The nine volunteers were divided into teams and sent out daily with each scientist on a rotational basis to help with that scientist’s task: bird survey, European wasp count, checking traps and recording who’s been caught, recovering camera traps, doing vegetation surveys and spotlighting. Team members rotated so we got to work with all scientists and each other (except for me and Seb, due to my great trip – literally – down a mountain; more on that later). Some afternoons involved other activities (a boat trip down the Arthur River; to Preminghana Indigenous Protected Area; a fossil hunt through the devastatingly burnt-out World Heritage Area; ancient petroglyphs; trying to watch wild devils eat) – more about these later. Talks by each scientist and spotlighting after dinner made for very full days, tiring but satisfying.
The raven survey
Every morning, the first job of one of the teams was a raven count. The number of forest ravens (Corvus tasmanicus, the only corvid in Tasmania and the biggest one in Australia, feeding on carrion) is likely to change when the devil population drops. We just drove along the road to the sites and counted ravens for a particular time along a particular section of road.
We consistently found a couple of pairs and a flock of about 14 juvenile males (probably) about 7:30 a.m. On the day we left, at about 10:30 a.m. we counted 35 along the same stretch of road, so time of day is important, but it is also important to have a count at a consistent time of day.
The first job was baiting the large-mammal (devils and spotted-tailed quolls), Mascot (possums, cats) and Elliot (rodent) traps that Gini had placed earlier.
Meat was put in each devil/quoll trap and a baitball (a honey/oats/peanut butter 3 cm diameter sphere) in each of the Mascot and Elliot traps. The animal enters the trap and either pulls at the meat (devil trap) or trips a plate (Mascot and Elliot) on its way to the food.The door then shuts, securing the animal inside. Crack-of-dawn departures ensured the animal was found and freed as soon as possible after its data were collected.
And Gavroche was the first quoll we caught. All quolls and devils caught so far have been chipped and named, so a swipe of a detector tells us who. His weight and width of tail and neck were recorded.
Juveniles who have not been caught before are chipped, weighed, and blood, poo, whisker and hair samples are taken. I helped Gini get Gavroche out of the trap for his ‘processing’.
Spotted-tailed quolls are more nervous than devils when caught, and sprint off quickly. Devils seem calmer. The green bags are used for quolls as they are made up of more opaque and stronger material than hessian bags – quolls cannot see through them so are calmer and cannot get a fix on a person to bite them.
The devil in the next photo was a juvenile, never encountered before.

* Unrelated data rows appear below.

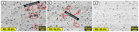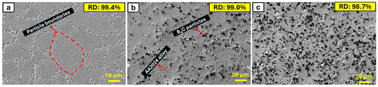 Figure 6 presents the internal structure of bulk samples produced by hot pressing AA2024 alloy and composites with 5 wt.% and 10 wt.% B4C obtained by hand-mixing the powders without milling. Figure 6a shows the internal structure of the unreinforced AA2024 base alloy, on which there are clearly noticeable boundaries between the particles. The internal structures of the composites with 5 wt.% and 10 wt.% B4C reinforcement are shown in Figure 6b and Figure 6c, respectively. The black regions observed in the internal structure of the composites represent the B4C particles. It is evident that the black regions in the internal structure obtained with 5 wt.% B4C reinforcement are significantly less than those obtained with 10 wt.% B4C reinforcement. Additionally, it is noteworthy that the particle boundaries observed in the internal structure of the unreinforced AA2024 begin to disappear with the addition of B4C. B4C particles enhance the diffusion of atoms within the AA2024 base during the sintering process [36]. The presence of these particles provides additional pathways or reduces the activation energy required for atomic movement, leading to a more uniform distribution of elements and the elimination of distinct particle boundaries. Adding B4C leads to solid solution strengthening, where the B4C particles dissolve partially in the aluminum base, altering its microstructure. This process disrupts the original grain boundaries, causing them to become less defined and more integrated into the overall base structure [37]. The presence of B4C particles acts as nucleation sites during the solidification and recrystallization processes, leading to finer grain sizes. Finer grains produce a more homogenous microstructure with less pronounced individual grain boundaries [38]. Furthermore, B4C particles impede the movement of dislocations within the base [36]. This pinning effect stabilizes the microstructure and prevents the growth of grains, resulting in a more uniform and less distinct grain boundary appearance. Additionally, it is well-known that an increase in the B4C reinforcement content leads to an increase in the porosity of the material’s microstructure because the increase in B4C reinforcement results from the hindering of hard particles during the sintering process of the composite powders. This situation inevitably leads to a decrease in the relative density (RD) values of the materials with an increase in the addition of hard particle additives, as seen in the RD values in Figure 6. While RD% values were determined by dividing the experimental density values by the theoretical density values, the porosity% values were calculated as in the previous study [30] by taking the difference of the obtained RD values from the 100% full density value. Accordingly, the calculated RD-porosity values for AA2024 alloy, AA2024 + 5% B4C, and AA2024 + 10% B4C composites are 99.4–0.6%, 99.0–1%, and 98.7–1.3%, respectively. The increase in porosity does not negatively affect the hardness and tribological properties of the material when the increase in porosity is low. This is because the B4C particles are exceptionally hard and wear-resistant, which compensates for the porosity. The inherent hardness and strength of B4C contribute to the overall hardness and wear resistance of the composite, counteracting any potential negative effects from increased porosity. Additionally, the distribution of B4C particles within the base can enhance load-bearing capacity and improve the overall tribological performance, thus maintaining or even enhancing the material’s hardness and wear properties despite the increased porosity. The porosity levels are low with the low content of B4C particles without heavy agglomeration in the microstructure [30].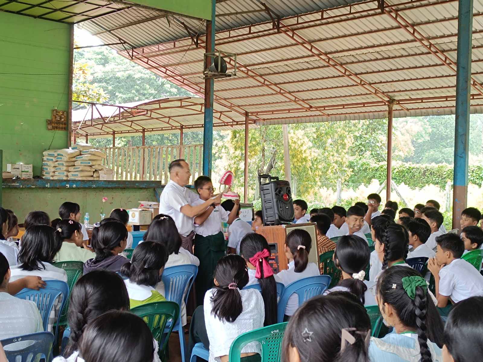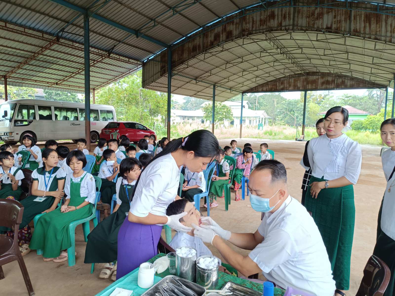 ထိုသို့ ကွင်းဆင်း၍ ကျောင်းကျန်းမာရေးလုပ်ငန်းများ ဆောင်ရွက်ပေးရာတွင် မြို့နယ်စီမံခန့်ခွဲရေးနှင့် အုပ်ချုပ်ရေးကော်မတီဝင် ဦးခင်ဇော် မြို့နယ်ကုသရေးဌာနမှ သွားဘက်ဆိုင်ရာ ဆရာဝန် ဒေါက်တာတင်နိုင်နှင့် ကျောင်းကျန်းမာရေးအဖွဲ့မှ ကျန်းမာရေးမှူး ဒေါ်ကြည်ကြည်လွင်နှင့် အဖွဲ့သည် ကျောင်းသား/သူများအား သွားနှင့် ခံတွင်းစစ်ဆေးခြင်း၊ အထွေထွေကျန်းမာရေးစစ်ဆေးပေးခြင်း၊ စနစ်တကျသွားတိုက်နည်းကို သရုပ်ပြလေ့ကျင့်သင်ကြားပေးခြင်း၊ သန့်လေးသန့်၊ ဝမ်းပျက်ဝမ်းလျှောရောဂါ၊ ဆေးလိပ်သောက်ခြင်းအန္တရာယ်အကြောင်း၊ သွားနှင့် ခံတွင်း၊ သွေးလွန်တုပ်ကွေးရောဂါနှင့် အကြောင်းတို့ကို ကျန်းမာရေးအသိပညာပေးဟောပြောခြင်းများ ဆောင်ရွက်ခဲ့ပြီး ကျောင်းသား/ သူ (၁၂၉) ဦးအား သွားကျန်းမာရေးစောင့်ရှောက်မှုပေးခြင်း၊ (၇၂) ဦးအား သွားပိုးပေါက်ဖာခြင်း၊ (၃၉)ဦးအား သွားနှုတ်ပေးခဲ့ကြောင်း သိရှိရသည်။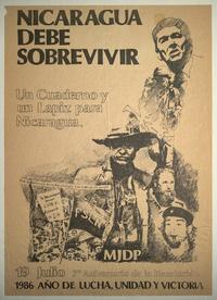 Nicaragua debe sobrevivir un cuaderno y un lápiz para Nicaragua. [estampa] : [Chile] : [Editor no identificado], 1986. 1 cartel (afiche) : blanco y negro ; 51 x 36 cm. .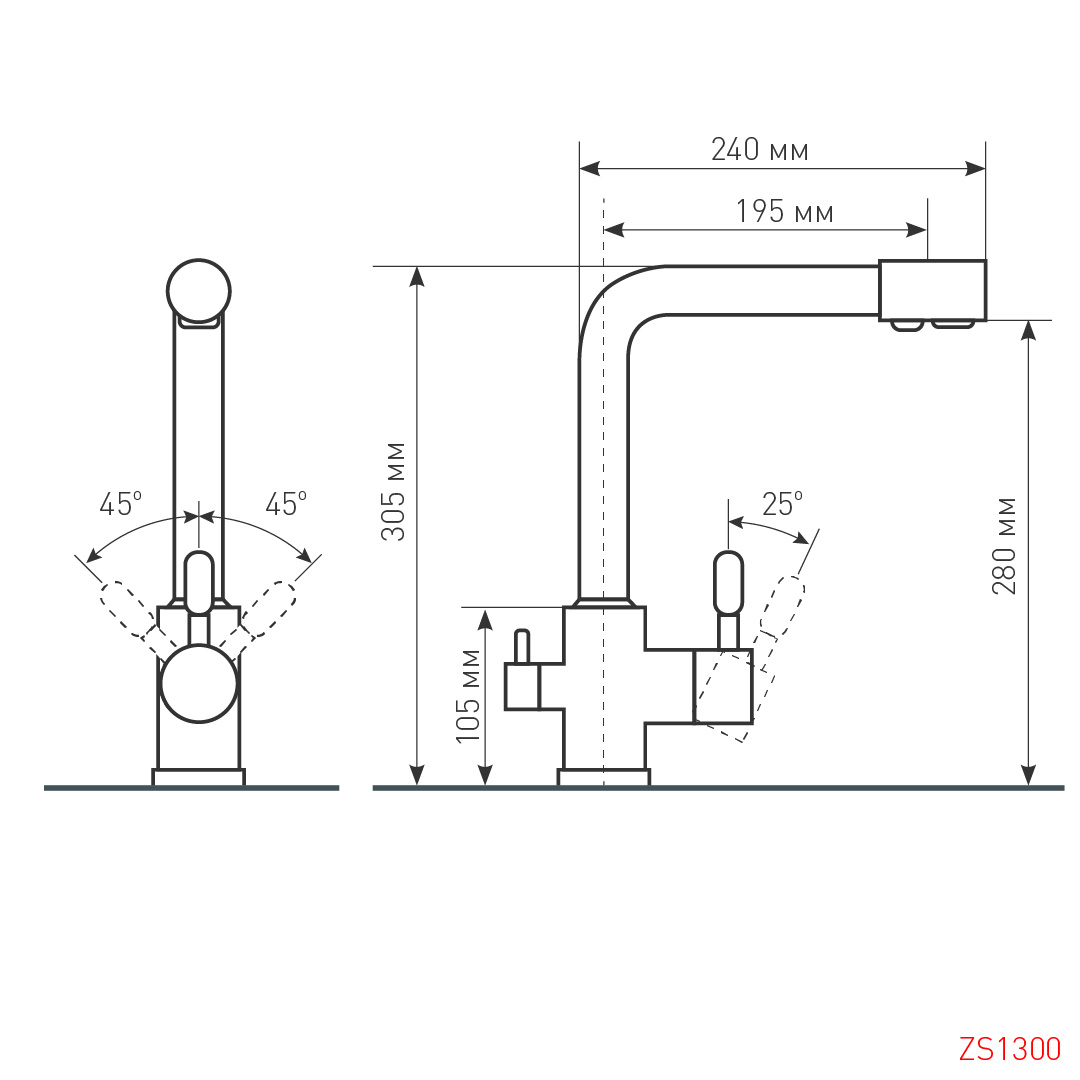 Длина излива 240 мм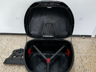 Baúl top case de la marca SHAD, ideal para motos y scooters. Gran capacidad, medidas en fotos . Con señales de uso pero cierra y encaja perfectamente. Falta una de las 3 lengüetas de fijación a la base pero queda anclado sólido .Incluyo parrilla de fijación sin tornillería. Las fotos son la mejor descripción, míralas bien. No es negociable.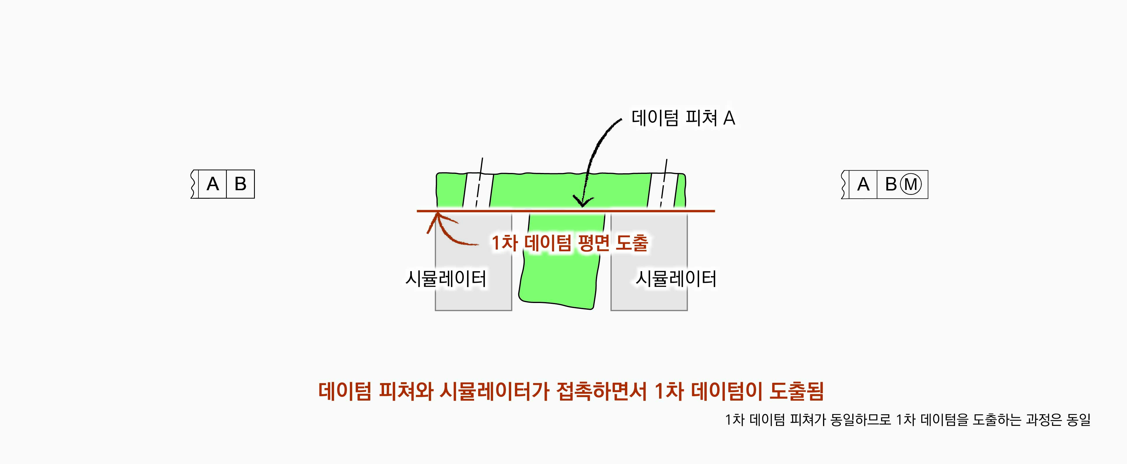 1차 데이텀에 의해 자세가 정해진 상태에서 |A|B|의 경우는 데이텀 피쳐와 접촉할 때까지 시뮬레이터 직경을 줄이는 반면,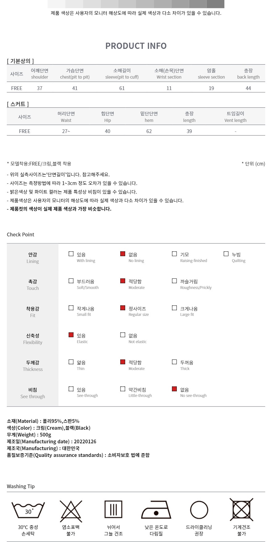 크림, 블랙 / FREE 사이즈 착용했습니다^^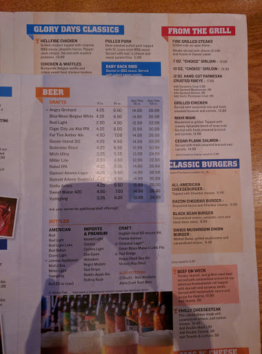 Never Going Back. I WAS a regular customer of Glory Days and unfortunately, i am also a very decent tipper.. never less than 20%. I would go there a minimum of 4X - 6X times a month. More during March Madness and Football season. I live up the street. Sunday i show up around 12:45 to try to catch the Giants football game. I gave my name (ROGER) and tell them i want to want the NY Giants game and the hostess she gives me a beeper. After about 1 hour (while less than 5 feet away at all times), i ask about my status. She says she has been calling my name (which is not JOSH)... BEEPER NEVER GOES OFF. I get it. Technology.. they couldnt hear me, blah blah blah. The proceed to sit me in a section that wasnt showing the game after i reminded them. After 5 minutes, the server comes back and says.. if you sit at this angle, you can see some of the game.. (50% obstructed FYI) ARE YOU SERIOUS???? I politely said.. Nope.. Not going to do that. I wont be ordering anything. Finished my 2nd beer and left after 5 more minutes. I am not looking for much. Maybe an apology.. Let me comp your 2 beers. Something... But i got nothing. As i sat there waiting to finish my beer, i saw the waitress talking to her manager about me. I was getting the feeling that they wanted to throw me out because it was busy and I wasnt ordering anything at the 4 top table. Needless to say. I couldnt believe it. Anyway. I gave them a 1 star because I couldnt give them any negative stars. Roger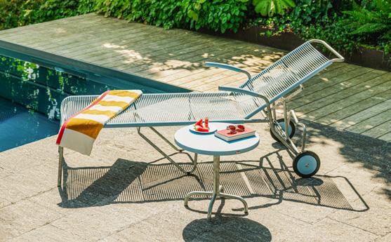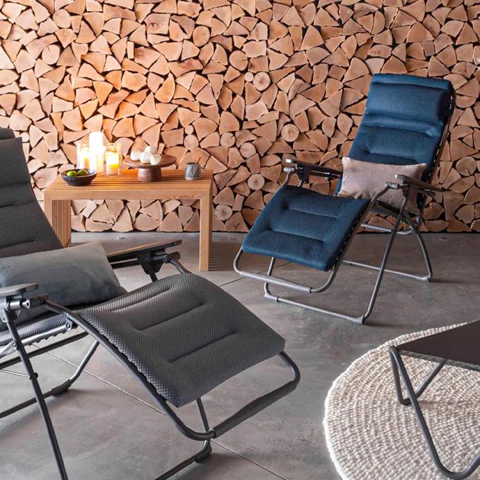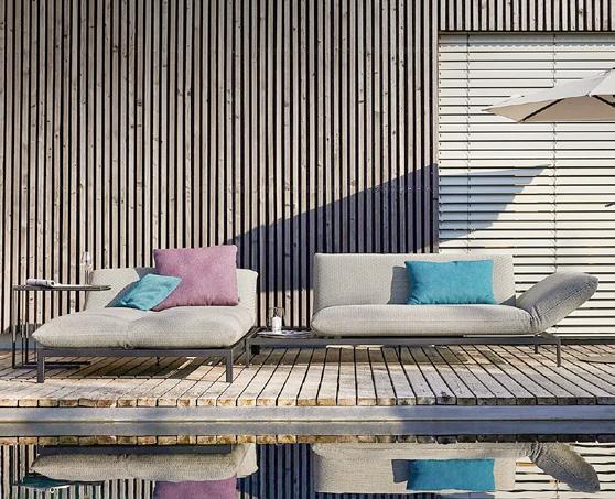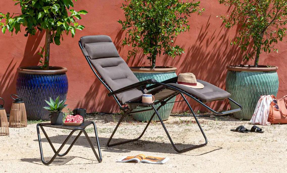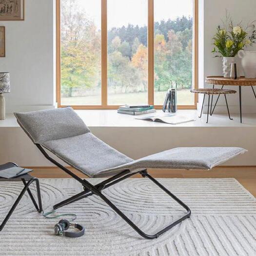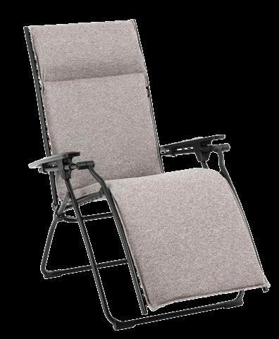 4 Relaxliege «Futura XL» Bezug Batyline ISO, abnehmbar, Stahlrohrrahmen lackiert, stufenlos verstellbar inkl. Feststellbremse, Kopfpolster verstell & abnehmbar, B ×T× H: 76 × 90 – 173 × 95 – 127 cm. 25346.2. Beistelltisch «Vogue» Tischplatte: Stahl verzinkt, lackiert, schwarz, Aluminiumgestell schwarz, B ×T× H: 57 × 57 × 32 cm. 25436.4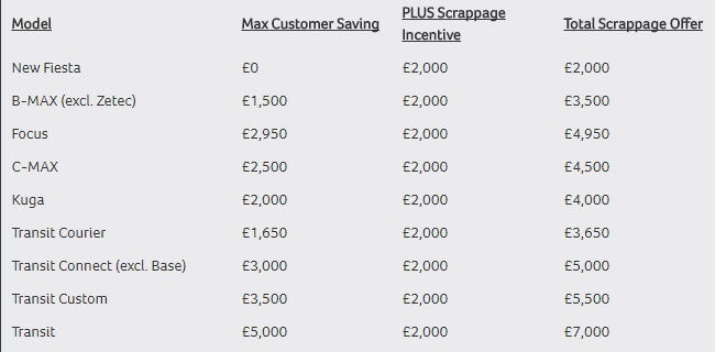 The incentives start from £2,000 for the new Fiesta and can reach up to £7,000 in case of the customer opting to buy a new Transit. The full list of available new models can be found below.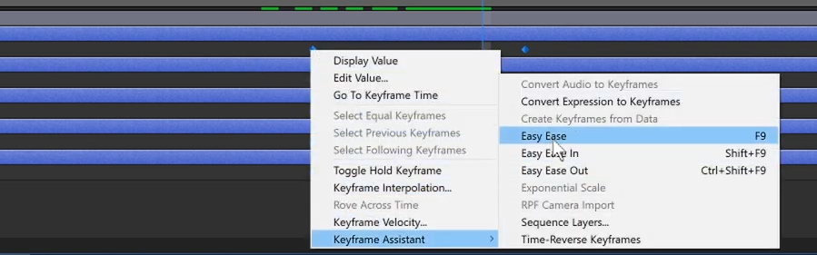 06. Adjustment레이어 아래 있는 레이어들을 선택하고, 오른 클릭해서 Keyframe Assistant에서 Easy Ease를 찾거나 F9키를 눌러서 Easy Ease를 모두 일정한 텐션감을 적용해 줍니다.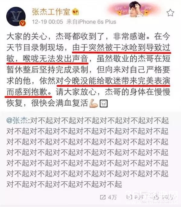 张杰工作室也在凌晨发出了微博,杰哥对没能给歌迷带来完美表演而感到抱歉。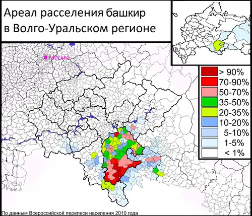 Etwa 68 Prozent der Baschkiren (1.172.287 in der Volkszählung 2010) lebt heute als zweitgrößte Bevölkerungsgruppe in der russischen autonomen Republik Baschkortostan, der Rest in den angrenzenden Oblasten Tscheljabinsk, Orenburg und Perm und in Tatarstan, in der Oblast Kurgan und kleinere Gruppen in den Oblasten Samara, Saratow, Swerdlowsk und im Autonomen Kreis der Chanten und Mansen (auch „Jugra“ genannt).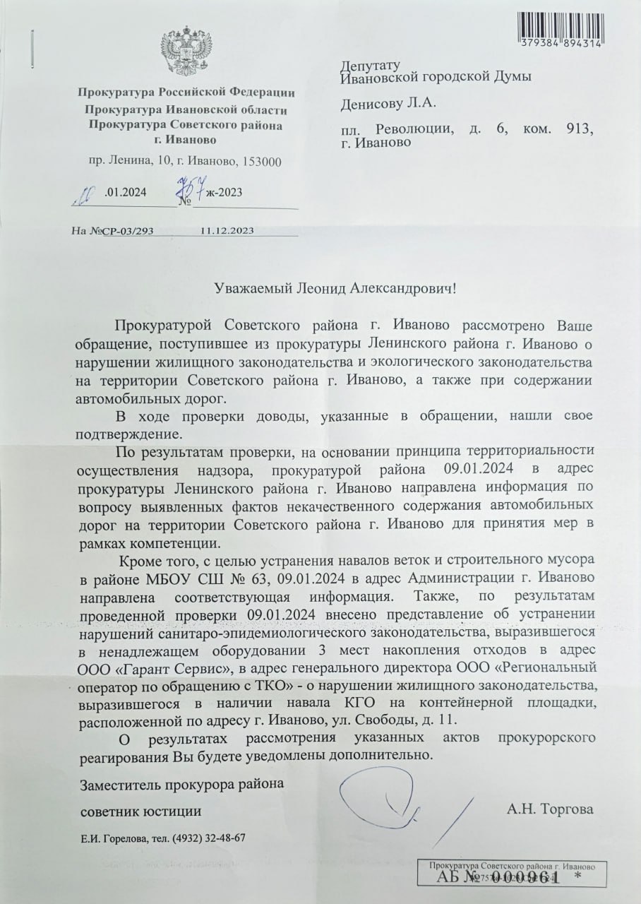 Депутат Ивановской городской Думы Денисов Леонид Александрович благодарит прокуратуру Советского района за деятельность по защите прав жителей местечка Сортировка города Иваново.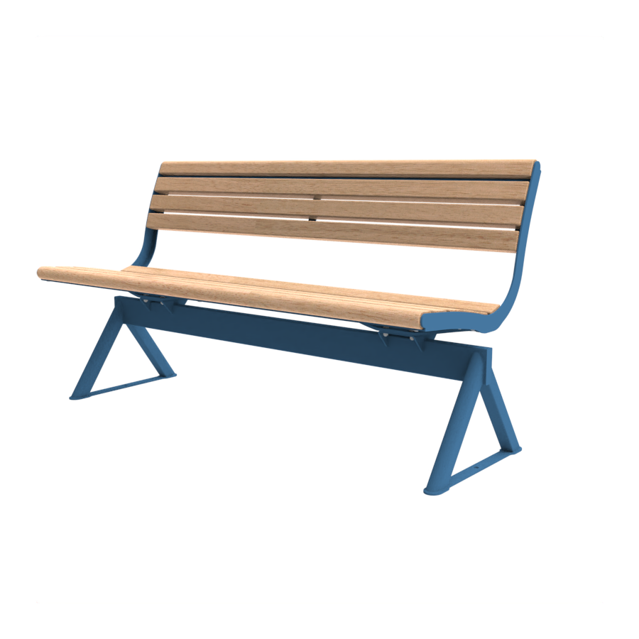 Les structures sont composées de plats d’extrémité et de renforts sur lesquels sont fixés des carrelets en bois. Les piètements sont composés d’une traverse support de section rectangulaire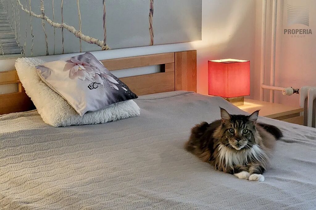 Byt 4+1 (4+kk) se nachází ve zvýšeném přízemí, jeho plocha je 90 m2 + balkon 5 m2. Disponuje velkou předsíní, kuchyní, sociálním zázemím a 4 prostornými pokoji (21, 16, 16 a 10 m2). Jak můžete vidět na přiloženém orientačním půdorysu, všechny místnosti mají samostatné vstupy z chodby, nejsou průchozí. Úložné prostory o výměře 15 m2 nabízí další samostatná místnost (sklep) v suterénu domu.

We named him ‘Macbeth’, as one of the researchers was calling their new devils after Shakespearean characters. We named another one ‘Juliet’. Another researcher was using Scottish island names, yet another Greek gods.
Quolls don’t get anywhere near as many ticks as devils do – from memory, Macbeth had eight on one ear and 12 on the other.
Devils walk on the balls of their feet.
Whisker sampling …
The teeth look pretty healthy on this young one. The very strong jaws allow devils to demolish a carcass in short order, bones and all.